Race 2 affects the Bluggoe subgroup (ABB, cooking bananas).

Race 3 affects Heliconia spp. and sometimes Gros Michel.

Race 4, identified in the Canary Islands in 1931, affects the Cavendish group sporadically and under certain environmental conditions but only in subtropical zones (Canary Islands, South Africa, Taiwan, Australia) where it is relatively well controlled by the appropriate cultural techniques (buffer zones, fallow, etc.).

Race T4 has just appeared in Mozambique (though also in Jordan). It is a relatively recent form, described in 1990. It afflicts Cavendish group varieties, but hitherto had only been found in the wet tropical zones of Asia, especially Taiwan, Indonesia, Malaysia, South China, Australia and the Philippines. In 2011, FruiTrop published a full set of recommendations (see FruiTrop no.191, July-August 2011, pages 20 and 21), to be followed very closely in order to apply effective preventive measures. An ad-hoc committee of scientists specialising in this disease was formed in order to investigate the origin of its introduction and analyse the risks of extension. This alarming news has reactivated the world phytosanitary monitoring networks, particularly in Latin America.

All the specialists agree that the main cause of the spread of the disease is the movement of plant material (suckers and corms) from susceptible, infected plantations. Contamination via the soil from an infected area is very slow.

Prevention and control

As for numerous soil pathogens, control methods are limited and consist essentially of keeping areas containing the outbreaks in quarantine. Not much international work is being performed on this disease, study of which is complicated. Control methods are not specific to bananas and are and will remain very limited. Conventional genetic improvement remains an important and as yet little-explored pathway.

International awareness of the importance of respecting rules for the movement of germplasm and the wide adoption of tissue culture plants by the banana industry should limit the present risks. The dispersion of race T4 is under surveillance. However, with strict control of germplasm movement and the surveillance and eradication of infected plants, the prospect of rapid spread of the disease is very improbable.
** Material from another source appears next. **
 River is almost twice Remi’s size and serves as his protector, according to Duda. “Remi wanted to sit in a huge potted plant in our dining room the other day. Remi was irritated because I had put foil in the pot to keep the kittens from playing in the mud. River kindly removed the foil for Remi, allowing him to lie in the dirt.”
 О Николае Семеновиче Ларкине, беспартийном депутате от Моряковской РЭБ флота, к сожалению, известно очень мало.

Sigatoka leaf streak diseases

Banana production is confronted with two main types of leaf streak disease: Yellow Sigatoka and Black Sigatoka. They are caused by parasitic leaf fungi. The pathogen of Yellow Sigatoka is Mycosphaerella musicola and that of Black Sigatoka is Mycosphaerella fijiensis.

black sigatoka
black sigatoka
yellow sigatoka
yellow sigatoka

A new fungal species, Mycosphaerella eumusa, that may be responsible for a new, even more aggressive form of Black Sigatoka, seems to be spreading in Asia and the Indian Ocean, but this remains to be confirmed (it has also been detected in Nigeria in West Africa).
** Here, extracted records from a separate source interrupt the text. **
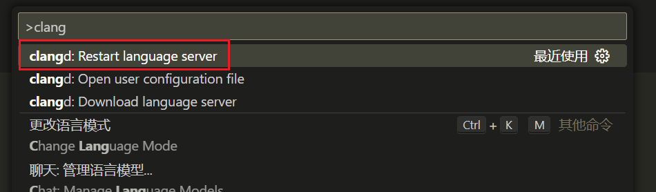 填写好相关配置后,可以重启 clangd(同样在命令面板中进行操作)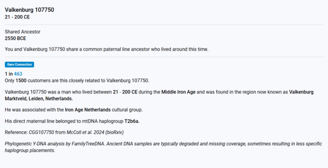 Megint kaptam egy új archaikus mintát az FTDNA cégtől, egy 2000 éve Hollandiában, Valkenburgban élt germán, 4500 éve élt, a R-DF103 haplocsoportba tartozó közös ősünk.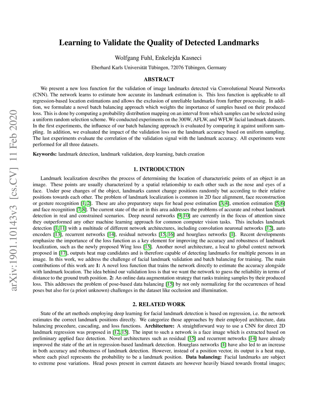 We present a new loss function for the validation of image landmarks detected via Convolutional Neural Networks (CNN). The network learns to estimate how accurate its landmark estimation is. This loss function is applicable to all regression-based location estimations and allows the exclusion of unreliable landmarks from further processing. In addition, we formulate a novel batch balancing approach which weights the importance of samples based on their produced loss. This is done by computing a probability distribution mapping on an interval from which samples can be selected using a uniform random selection scheme. We conducted experiments on the 300W, AFLW, and WFLW facial landmark datasets. In the first experiments, the influence of our batch balancing approach is evaluated by comparing it against uniform sampling. In addition, we evaluated the impact of the validation loss on the landmark accuracy based on uniform sampling. The last experiments evaluate the correlation of the validation signal with the landmark accuracy. All experiments were performed for all three datasets.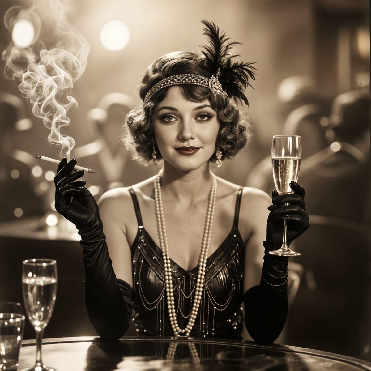 This image shows a flapper girl in a jazz club, holding a cigarette and champagne. The sepia tones evoke the glamour of the Roaring Twenties.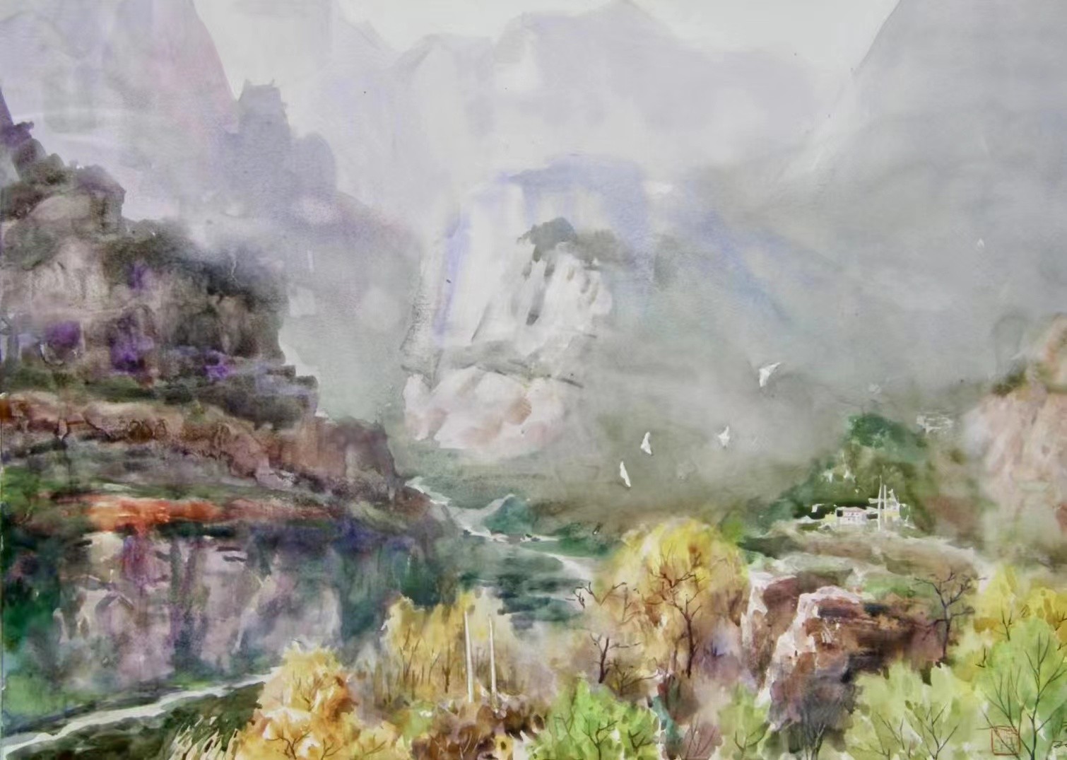 2013 水彩画《太行山》,入编《纪念济南市华夏文化促进会成立二十周年专集》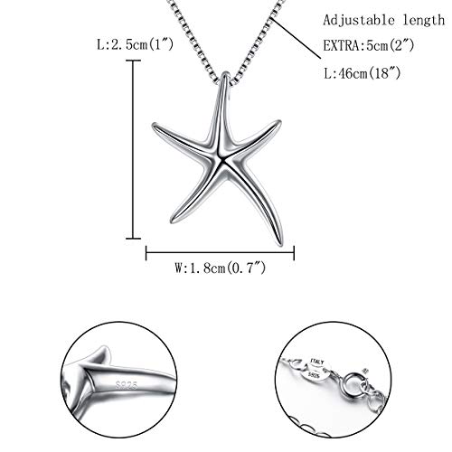 FANZE 925 Sterling Silver Starfish Lucky Sea Star Pendant Necklacse for Women Beach Jewelry Gift for Chrismas Thanksgiving Wedding Valentines Mother's Day 6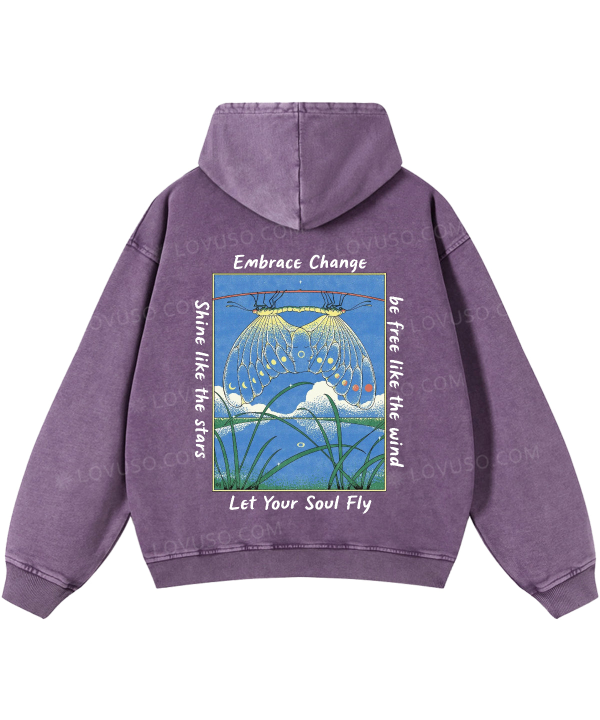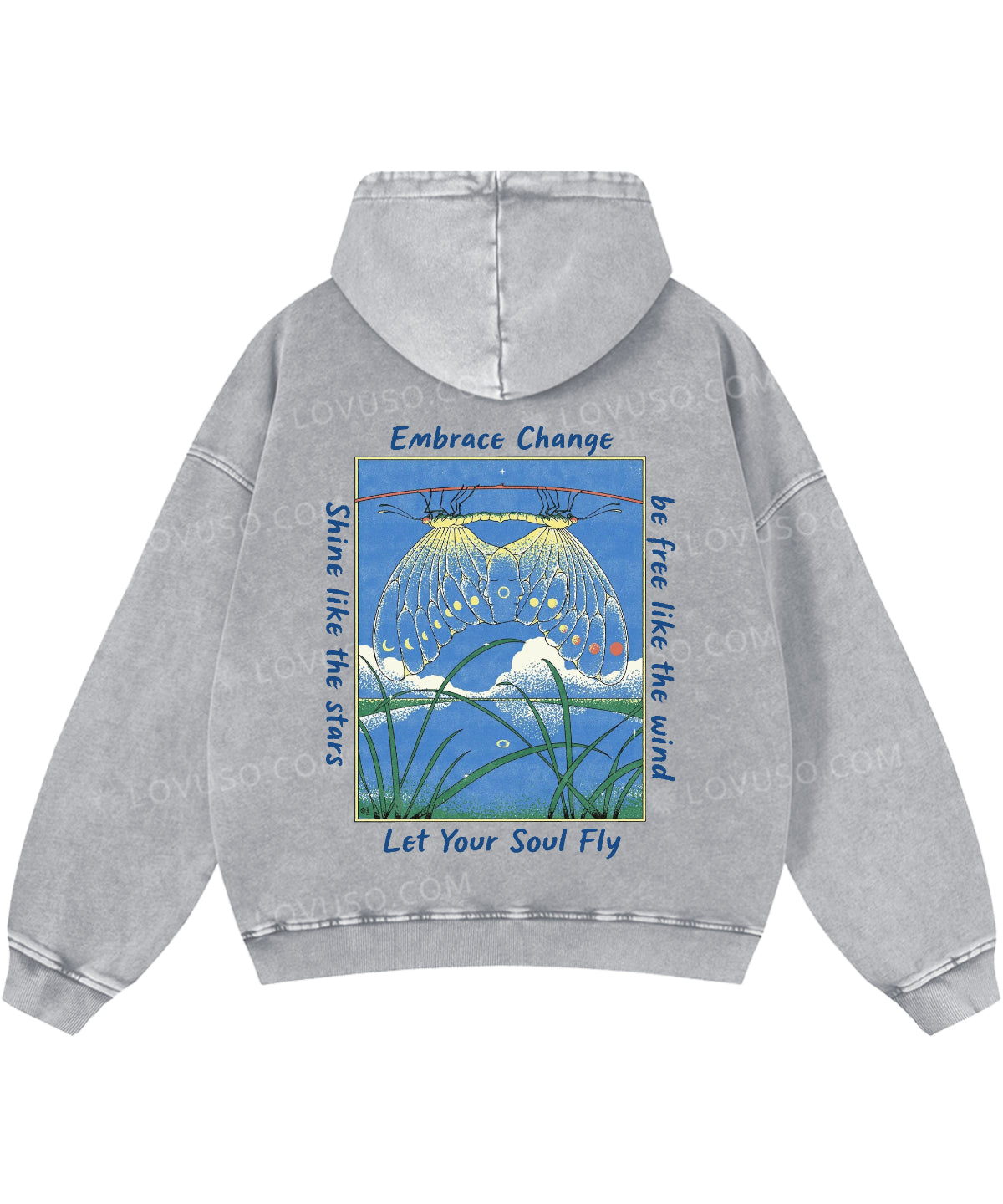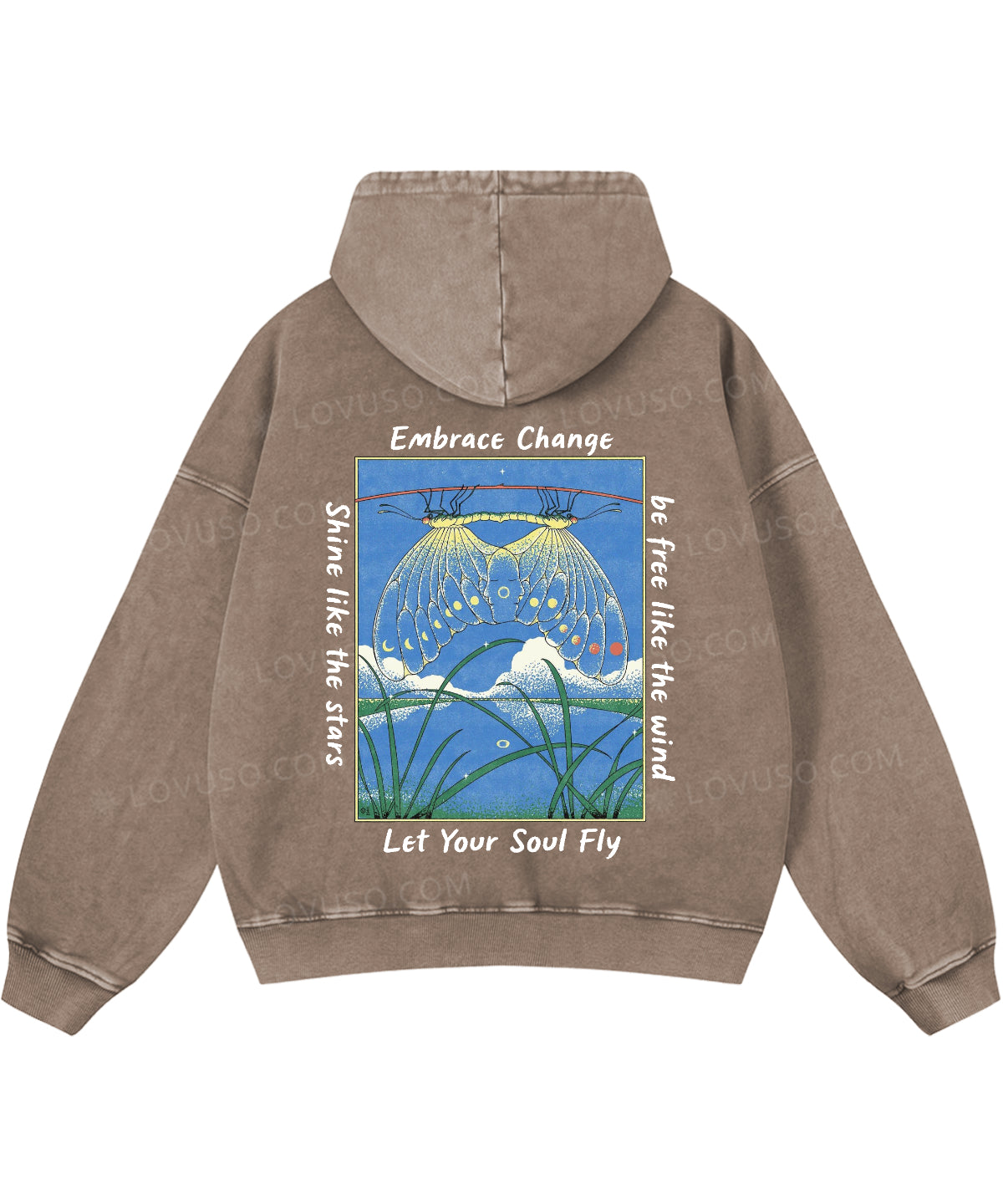 Let Your Soul Fly Double Sided Washed Hoodie

Propagation is from banana plant to banana plant in continental zones. Maritime zones form a natural obstacle. Although the risk of natural spread of spores by wind does exist, the spread of the disease from one zone to another is usually the result of uncontrolled transfers of germplasm. Black Sigatoka is present in all the producer countries in Latin America, Africa and Asia. The countries of the Caribbean arc were long protected by their island status. The presence of the diseases in St Vincent and Guiana was confirmed in 2009. It was reported officially in St Lucia in early 2010, in Martinique in September 2010 and in Guadeloupe in early 2012.

distribution of black sigatoka in the caribbean arc
distribution of black sigatoka in the caribbean arc

Although Black Sigatoka has not yet been detected in Dominica it is certain to reach the island, probably fairly soon.

The fungus that causes the disease destroys the foliage. The disease takes the form of small elongated black streaks that soon become necrotic. Necrosis spreads and may destroy all the leaves of the plant before the bunch is cut. This results in smaller yields and very ripe fruits that are unsellable.

The sequence is precisely the same as that caused by Yellow Sigatoka, a fungal disease present on all the continents for about 60 years. With support from CIRAD, rational chemical control of the disease was established by professionals in Martinique and Guadeloupe. Warning methods (biological and meteorological) based on the weekly observation of biological and meteorological descriptors in plantations make it possible to monitor the dynamics of the disease and to apply appropriate treatments. Yellow Sigatoka has been controlled in recent years with a small number of sprayings: an average of five to seven a year in West Indian plantations. These rational control methods can now be applied in the management of Black Sigatoka.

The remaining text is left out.